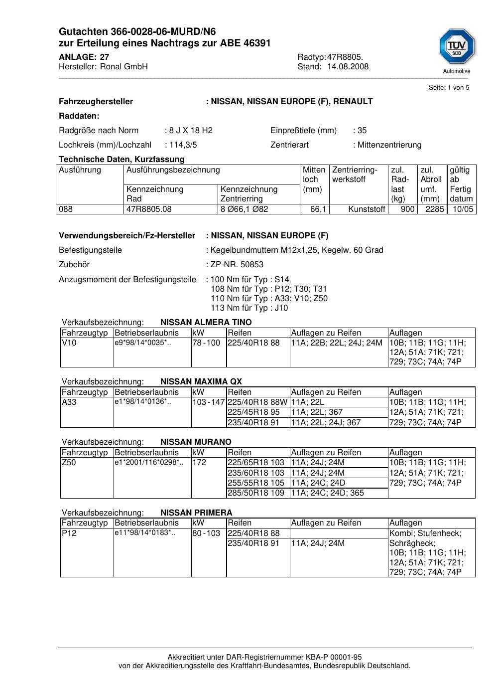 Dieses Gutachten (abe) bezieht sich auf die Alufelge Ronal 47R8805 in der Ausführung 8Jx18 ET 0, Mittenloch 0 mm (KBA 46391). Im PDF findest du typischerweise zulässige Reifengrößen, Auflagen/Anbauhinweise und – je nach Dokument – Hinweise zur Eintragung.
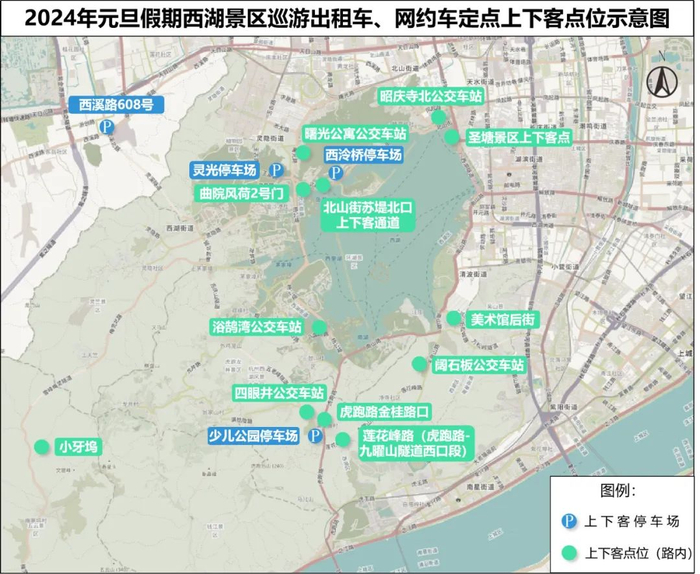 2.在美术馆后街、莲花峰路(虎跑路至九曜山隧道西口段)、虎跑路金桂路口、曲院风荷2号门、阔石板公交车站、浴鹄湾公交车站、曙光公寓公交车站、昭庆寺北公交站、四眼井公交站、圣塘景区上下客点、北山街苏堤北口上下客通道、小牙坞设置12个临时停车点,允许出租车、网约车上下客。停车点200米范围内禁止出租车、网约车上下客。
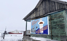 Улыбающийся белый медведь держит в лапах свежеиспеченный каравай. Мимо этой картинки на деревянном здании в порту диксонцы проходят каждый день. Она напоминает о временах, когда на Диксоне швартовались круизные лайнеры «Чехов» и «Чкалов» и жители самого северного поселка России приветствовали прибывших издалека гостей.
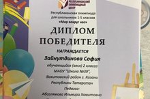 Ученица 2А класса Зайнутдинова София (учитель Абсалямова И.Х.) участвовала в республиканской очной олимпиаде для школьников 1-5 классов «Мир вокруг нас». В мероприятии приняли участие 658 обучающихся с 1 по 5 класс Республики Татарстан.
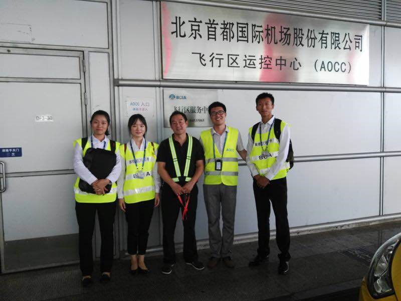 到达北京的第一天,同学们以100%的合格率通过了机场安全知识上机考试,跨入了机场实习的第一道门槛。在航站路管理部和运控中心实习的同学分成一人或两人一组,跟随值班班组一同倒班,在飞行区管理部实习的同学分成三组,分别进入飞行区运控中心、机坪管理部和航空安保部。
......
Aim of the task — Pictures stay out; output the lines from the top of the listing above through the line containing "2.在美术馆后街、莲花峰路(虎跑路至九曜", exactly as they stand.

Solution to this task —
 Dieses Gutachten (abe) bezieht sich auf die Alufelge Ronal 47R8805 in der Ausführung 8Jx18 ET 0, Mittenloch 0 mm (KBA 46391). Im PDF findest du typischerweise zulässige Reifengrößen, Auflagen/Anbauhinweise und – je nach Dokument – Hinweise zur Eintragung.
 2.在美术馆后街、莲花峰路(虎跑路至九曜山隧道西口段)、虎跑路金桂路口、曲院风荷2号门、阔石板公交车站、浴鹄湾公交车站、曙光公寓公交车站、昭庆寺北公交站、四眼井公交站、圣塘景区上下客点、北山街苏堤北口上下客通道、小牙坞设置12个临时停车点,允许出租车、网约车上下客。停车点200米范围内禁止出租车、网约车上下客。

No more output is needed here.